-- YOUR ASSIGNMENT --
Repeat the data exactly. Pictures are not part of the copy.

-- RECORDS FOR THIS EXERCISE --

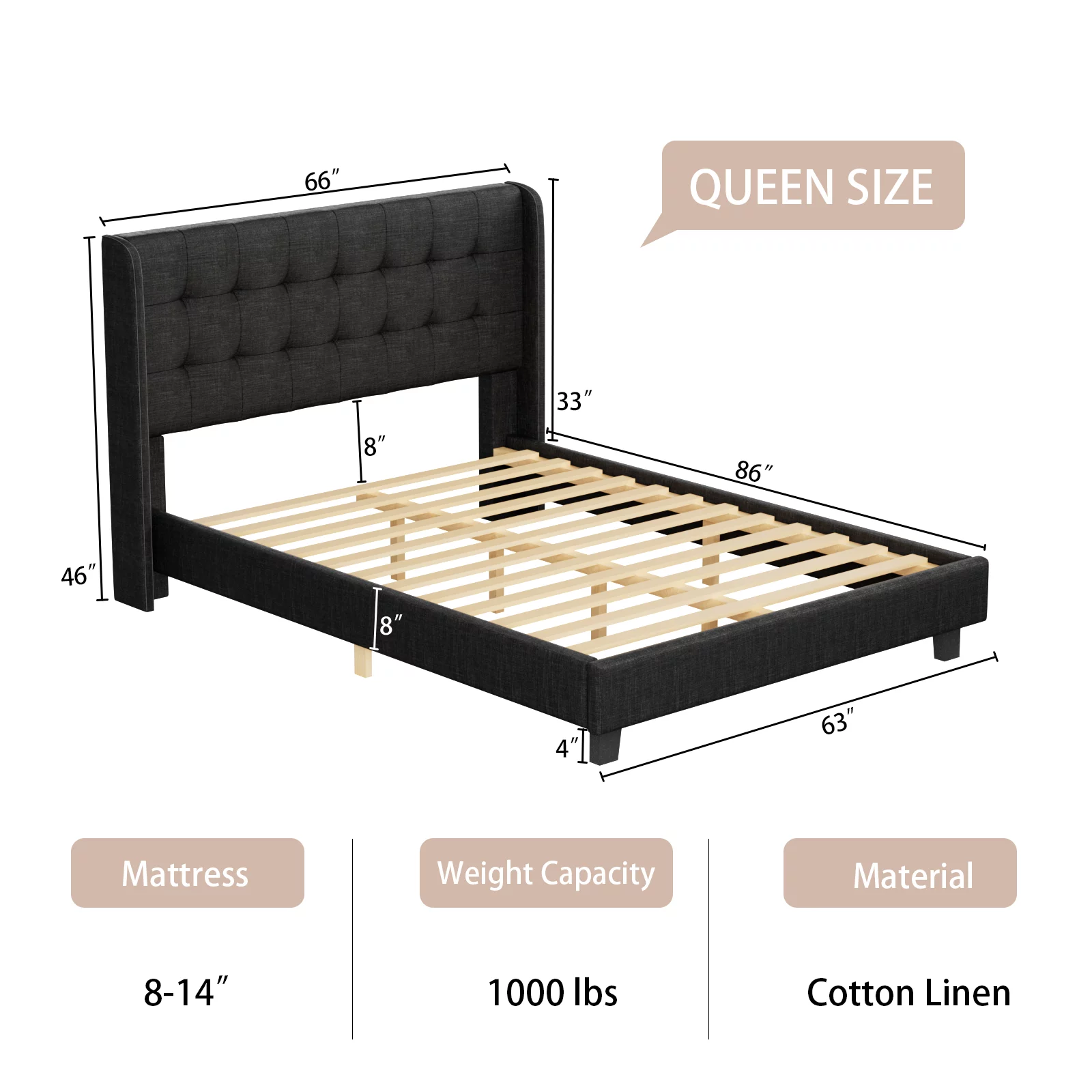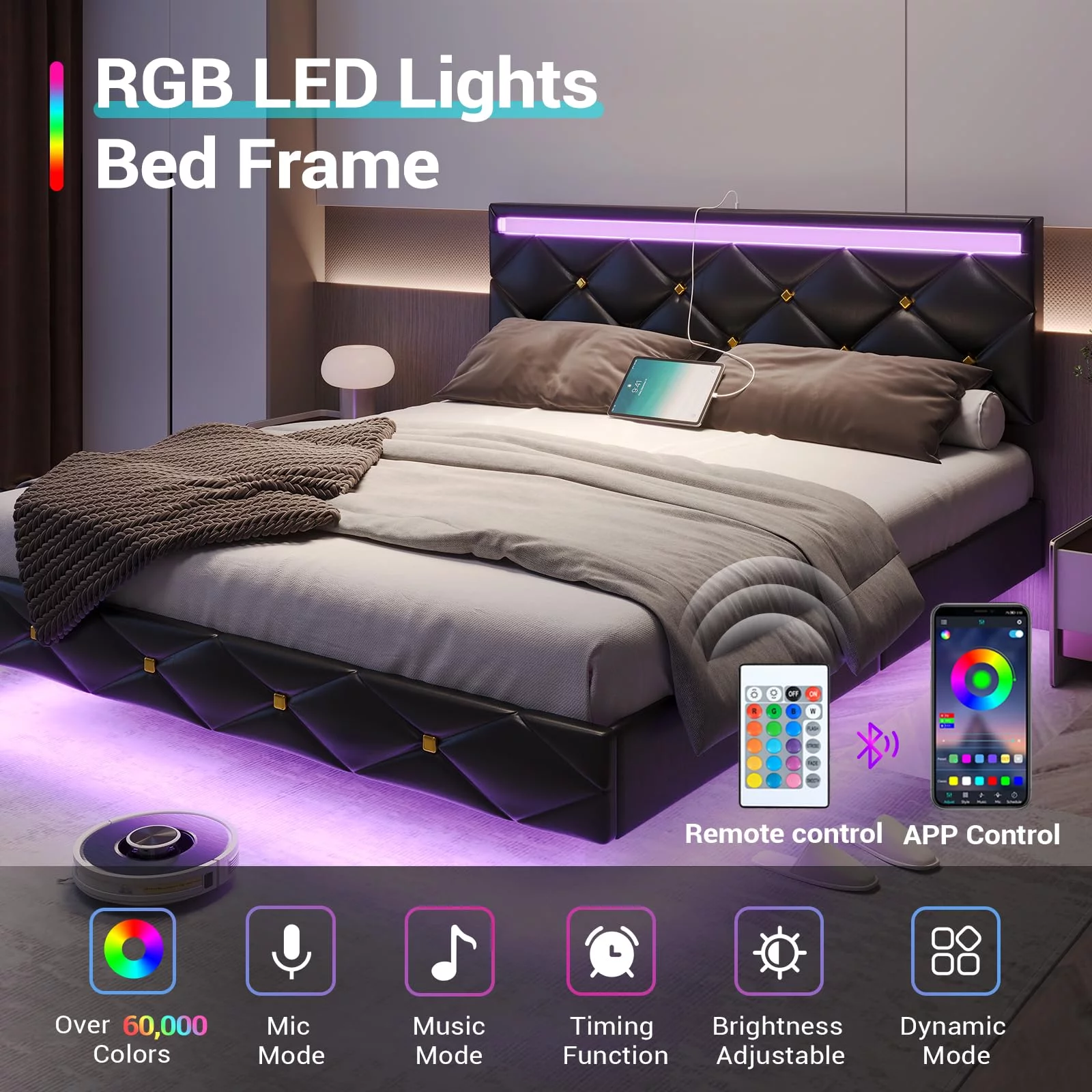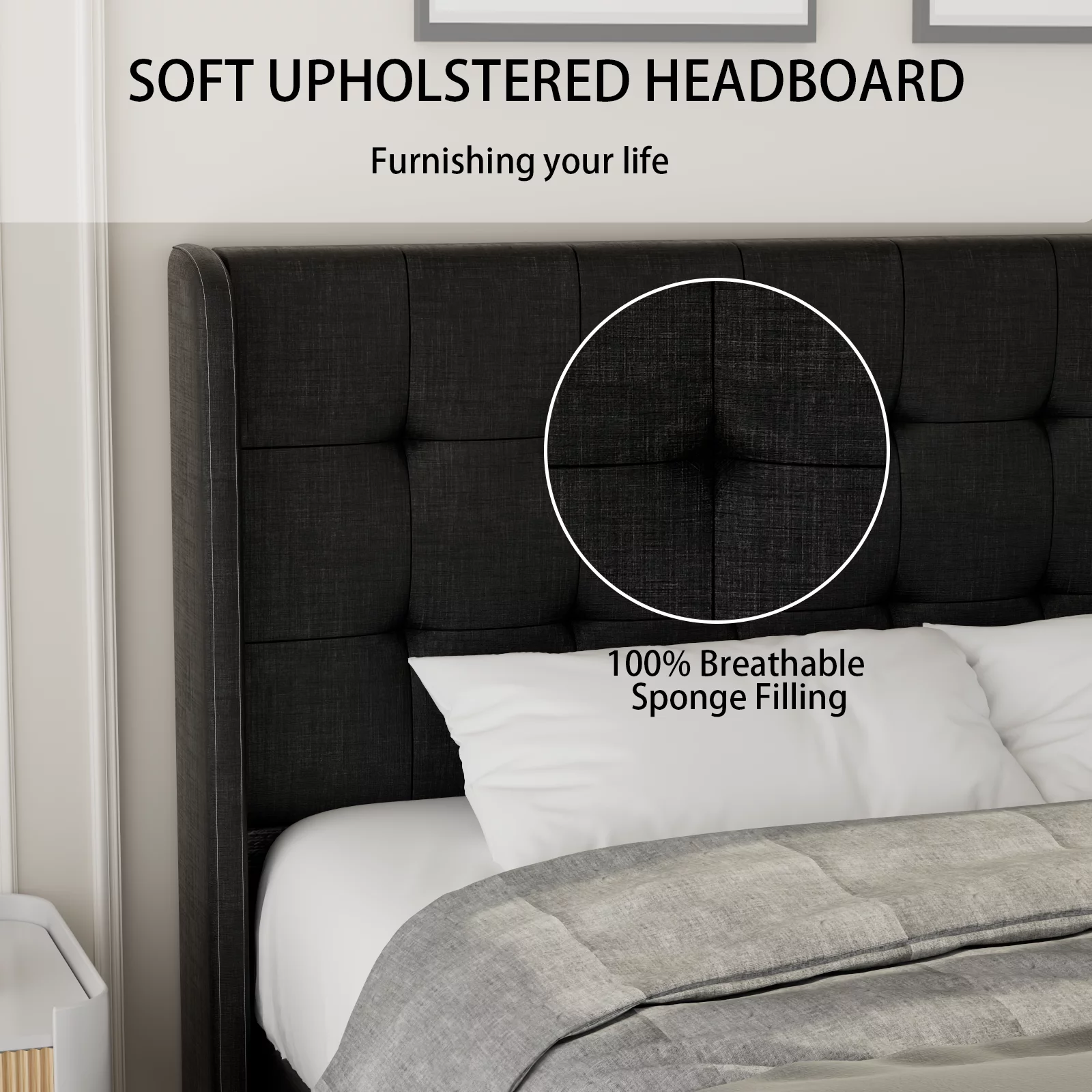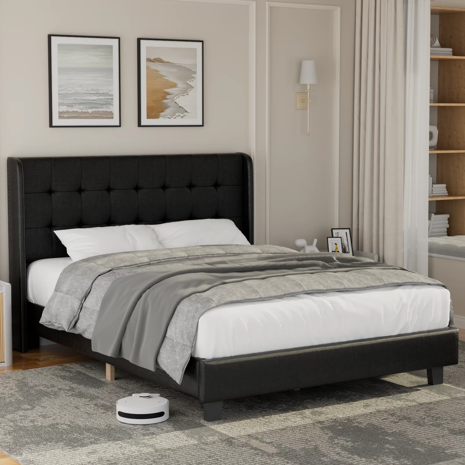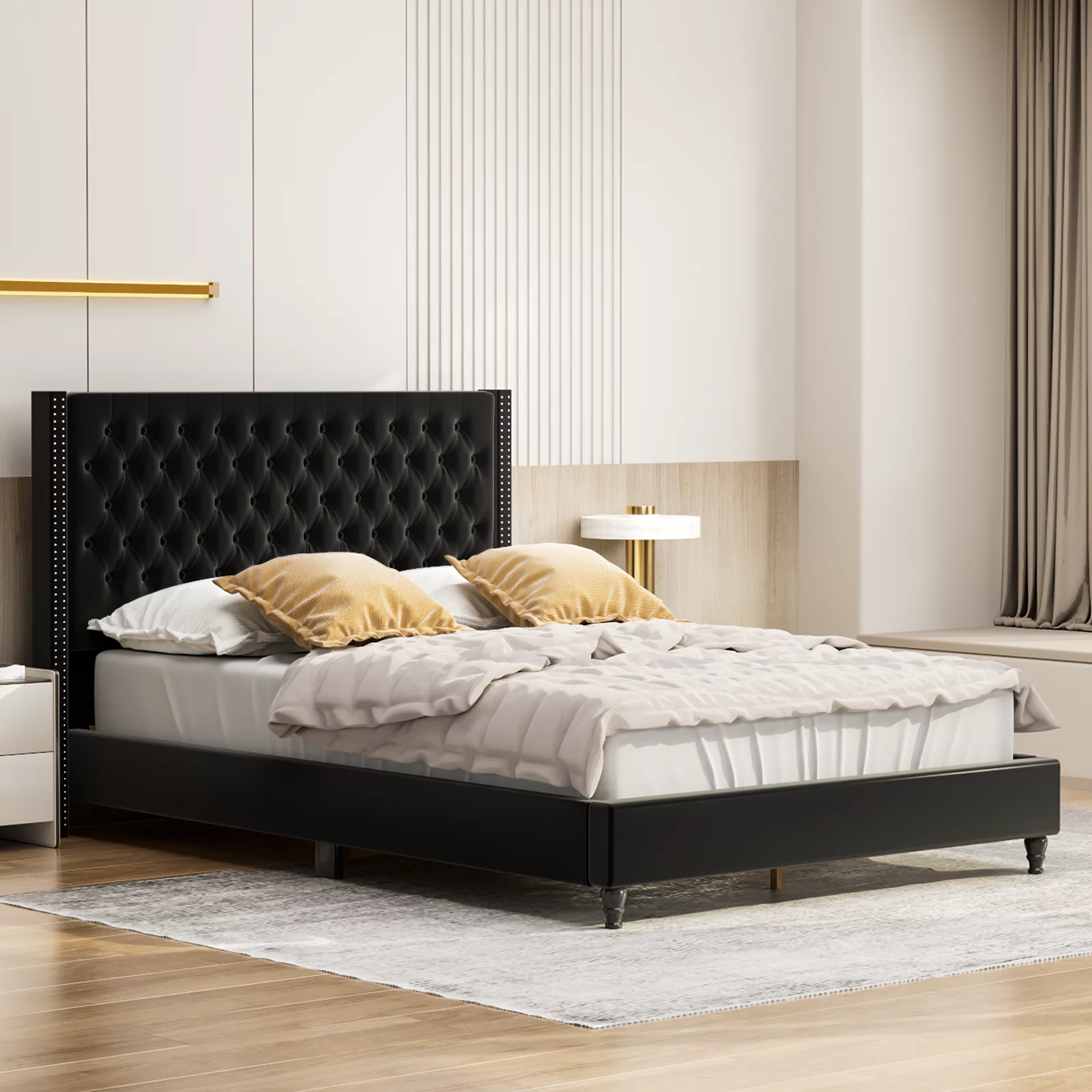 Upholstered Tufted Bed, Platform Bed Frame with Diamond Low Profile Platform Beds Strong Wooden Slats, Queen Size Black
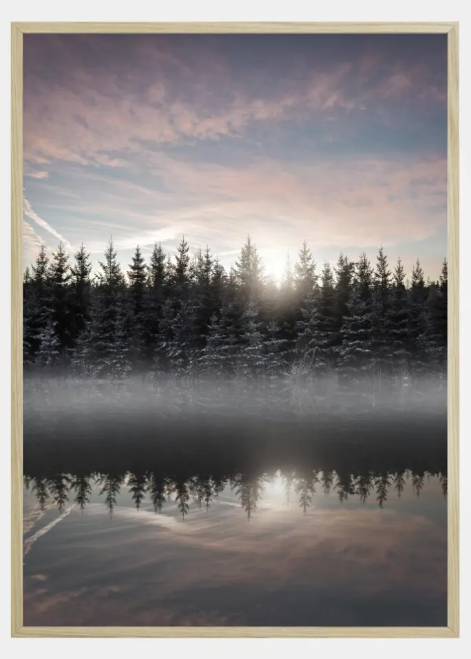 En magisk plakat af en tåget sø i det tidlige morgenlys. Sneklædte træer står på bredden, delvist dækket af tåge. Træernes refleksioner kan findes i søens bløde pastelfarver. Over trætoppene stiger solen op og kaster et blødt skær på den lyserøde og blå himmel, hvilket giver en fredfyldt stemning.
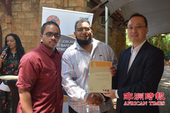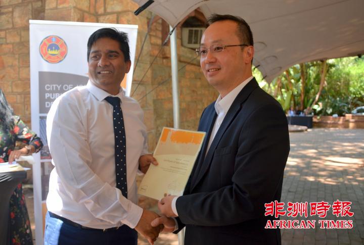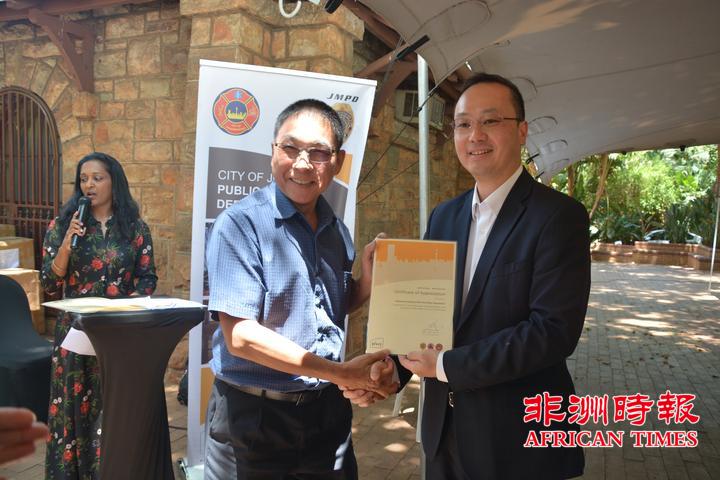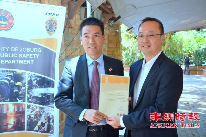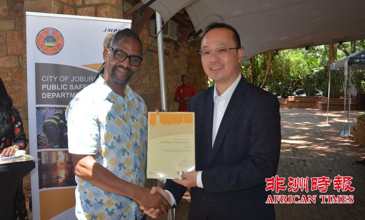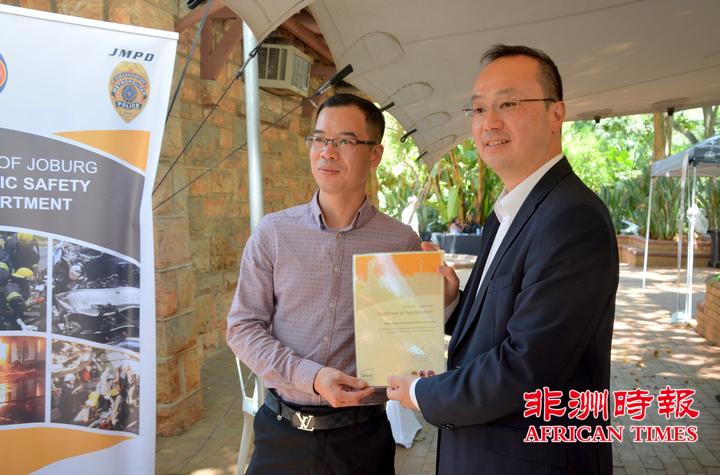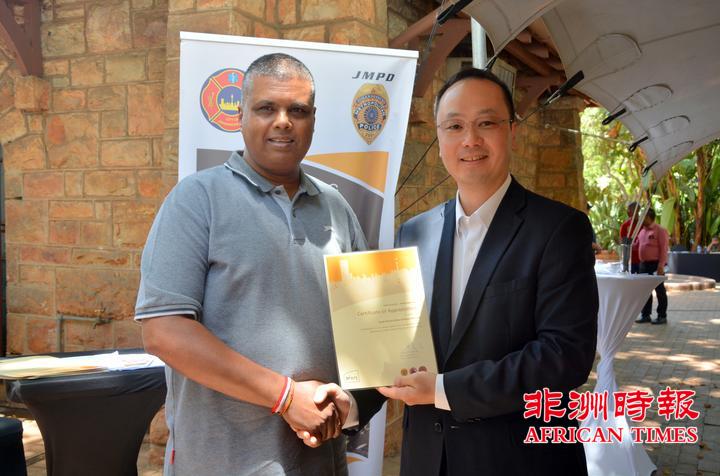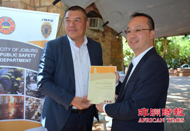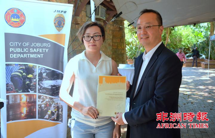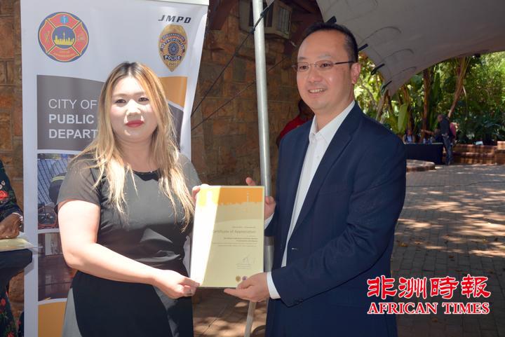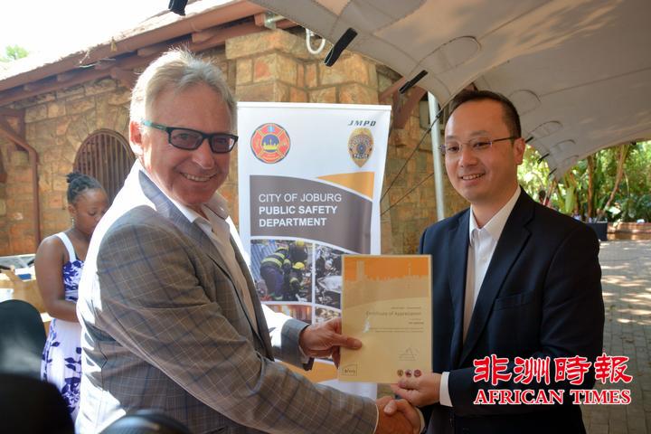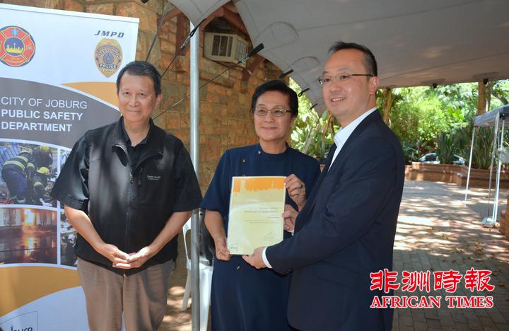 当天,全非洲女企业家工商联合总会还向约翰内斯堡公共安全局捐赠了一批警用手电。孙耀亨局长向长期以来支持约翰内斯堡公共安全局工作的单位分别颁发了感谢证书。
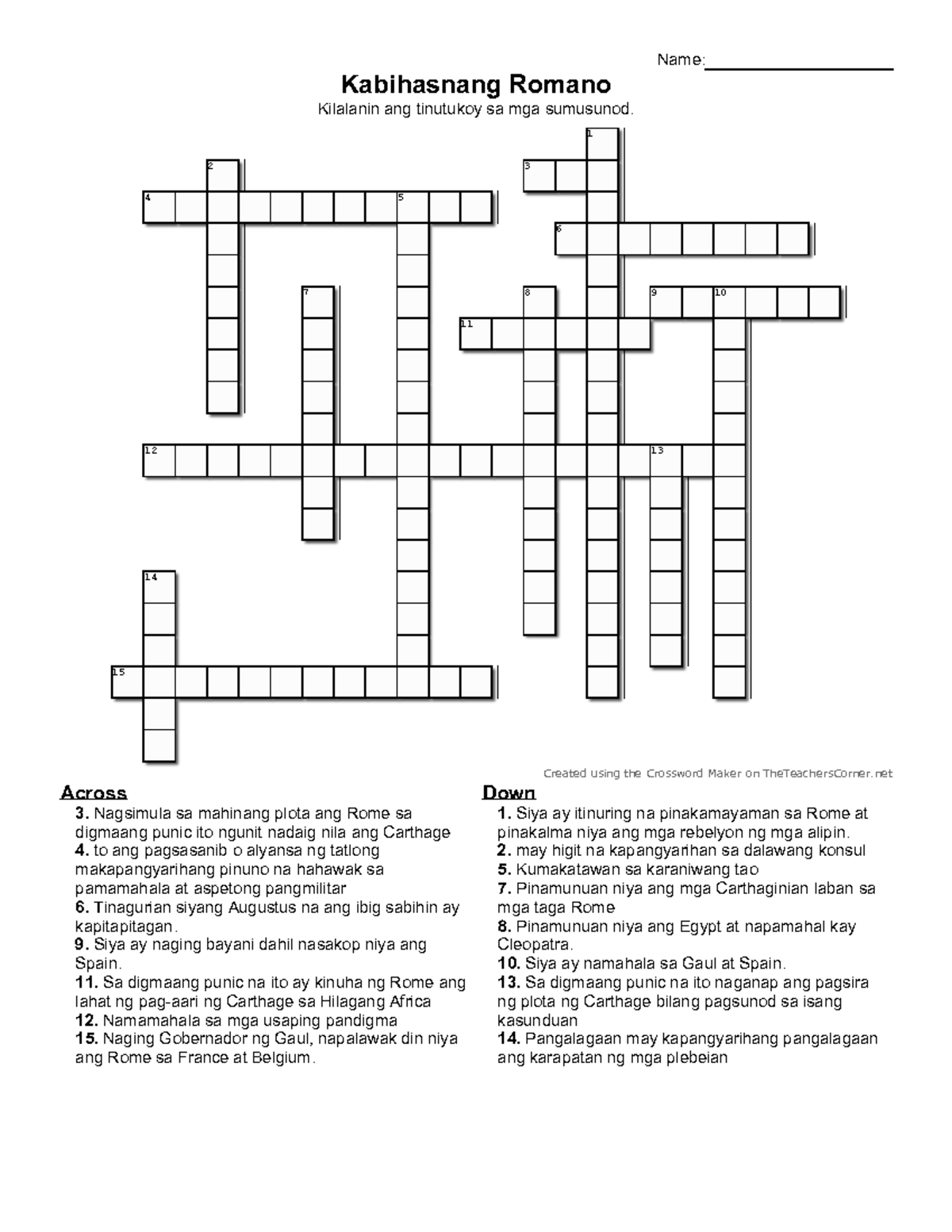 Crossword Kabihasnang Romano Down 1 Siya ay itinuring na
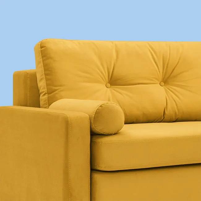 Высокие ножки дивана делают его форму легкой, максимально открывая пространство. А натуральное дерево подчеркивает естественность материалов. Кроме того, такая конструкция упрощает уборку, делая доступным напольное покрытие.

-- SOLUTION TO THE EXERCISE --
 Upholstered Tufted Bed, Platform Bed Frame with Diamond Low Profile Platform Beds Strong Wooden Slats, Queen Size Black
 En magisk plakat af en tåget sø i det tidlige morgenlys. Sneklædte træer står på bredden, delvist dækket af tåge. Træernes refleksioner kan findes i søens bløde pastelfarver. Over trætoppene stiger solen op og kaster et blødt skær på den lyserøde og blå himmel, hvilket giver en fredfyldt stemning.
 当天,全非洲女企业家工商联合总会还向约翰内斯堡公共安全局捐赠了一批警用手电。孙耀亨局长向长期以来支持约翰内斯堡公共安全局工作的单位分别颁发了感谢证书。
 Crossword Kabihasnang Romano Down 1 Siya ay itinuring na
 Высокие ножки дивана делают его форму легкой, максимально открывая пространство. А натуральное дерево подчеркивает естественность материалов. Кроме того, такая конструкция упрощает уборку, делая доступным напольное покрытие.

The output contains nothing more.